Recorded information |
::::
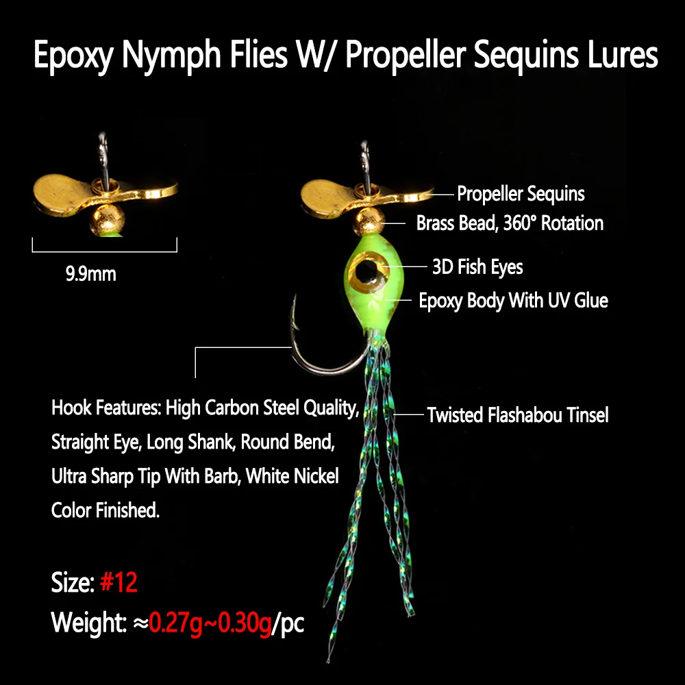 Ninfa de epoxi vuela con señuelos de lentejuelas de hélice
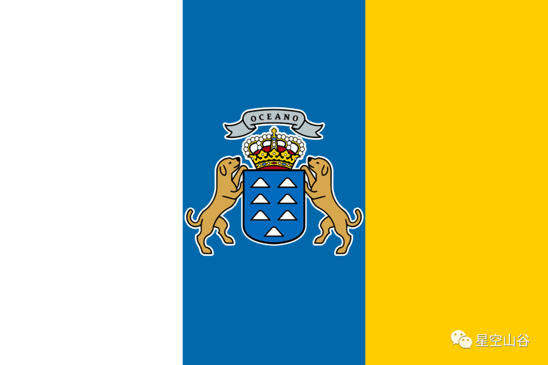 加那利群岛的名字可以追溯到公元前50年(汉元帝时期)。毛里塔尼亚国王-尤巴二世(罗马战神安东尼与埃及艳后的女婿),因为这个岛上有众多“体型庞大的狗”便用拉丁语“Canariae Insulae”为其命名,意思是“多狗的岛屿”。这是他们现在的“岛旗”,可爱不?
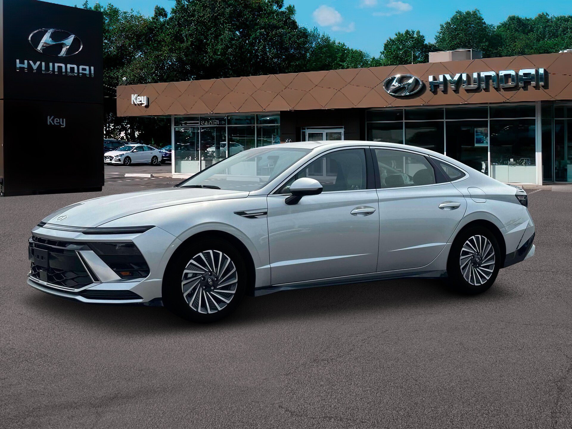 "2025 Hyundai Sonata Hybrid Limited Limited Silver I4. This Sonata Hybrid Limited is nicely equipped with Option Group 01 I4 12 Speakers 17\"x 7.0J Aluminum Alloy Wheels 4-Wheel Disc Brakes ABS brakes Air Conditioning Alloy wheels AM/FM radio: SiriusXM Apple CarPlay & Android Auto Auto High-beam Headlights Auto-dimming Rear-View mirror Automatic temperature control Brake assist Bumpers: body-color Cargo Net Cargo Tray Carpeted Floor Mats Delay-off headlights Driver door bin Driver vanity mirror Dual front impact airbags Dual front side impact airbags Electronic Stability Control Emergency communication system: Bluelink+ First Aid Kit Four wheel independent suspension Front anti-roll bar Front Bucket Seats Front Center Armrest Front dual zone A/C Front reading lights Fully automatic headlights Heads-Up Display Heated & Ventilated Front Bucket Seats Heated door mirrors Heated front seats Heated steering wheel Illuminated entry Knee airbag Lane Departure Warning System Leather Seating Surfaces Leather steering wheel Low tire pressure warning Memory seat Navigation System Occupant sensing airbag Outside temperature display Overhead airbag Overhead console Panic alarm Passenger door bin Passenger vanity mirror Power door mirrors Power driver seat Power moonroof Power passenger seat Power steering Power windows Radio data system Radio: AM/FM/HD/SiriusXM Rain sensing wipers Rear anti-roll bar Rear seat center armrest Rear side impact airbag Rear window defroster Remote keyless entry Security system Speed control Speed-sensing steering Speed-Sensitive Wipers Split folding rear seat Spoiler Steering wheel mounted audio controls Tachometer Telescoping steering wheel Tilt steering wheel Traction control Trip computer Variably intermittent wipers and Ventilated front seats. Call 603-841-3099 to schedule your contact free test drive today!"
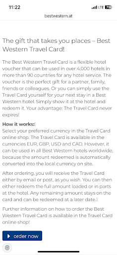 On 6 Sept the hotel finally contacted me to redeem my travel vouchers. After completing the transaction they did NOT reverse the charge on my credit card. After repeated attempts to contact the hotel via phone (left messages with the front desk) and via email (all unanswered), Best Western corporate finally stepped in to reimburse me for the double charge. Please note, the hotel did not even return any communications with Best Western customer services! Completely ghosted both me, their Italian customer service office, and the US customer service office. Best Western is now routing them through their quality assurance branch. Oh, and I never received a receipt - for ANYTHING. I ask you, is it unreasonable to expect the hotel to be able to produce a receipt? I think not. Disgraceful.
::::
Exercise requirements | Only one thing is wanted here, an exact copy of the lines from the first line above through the line containing "加那利群岛的名字可以追溯到公", minus any picture.

Solved exercise |
 Ninfa de epoxi vuela con señuelos de lentejuelas de hélice
 加那利群岛的名字可以追溯到公元前50年(汉元帝时期)。毛里塔尼亚国王-尤巴二世(罗马战神安东尼与埃及艳后的女婿),因为这个岛上有众多“体型庞大的狗”便用拉丁语“Canariae Insulae”为其命名,意思是“多狗的岛屿”。这是他们现在的“岛旗”,可爱不?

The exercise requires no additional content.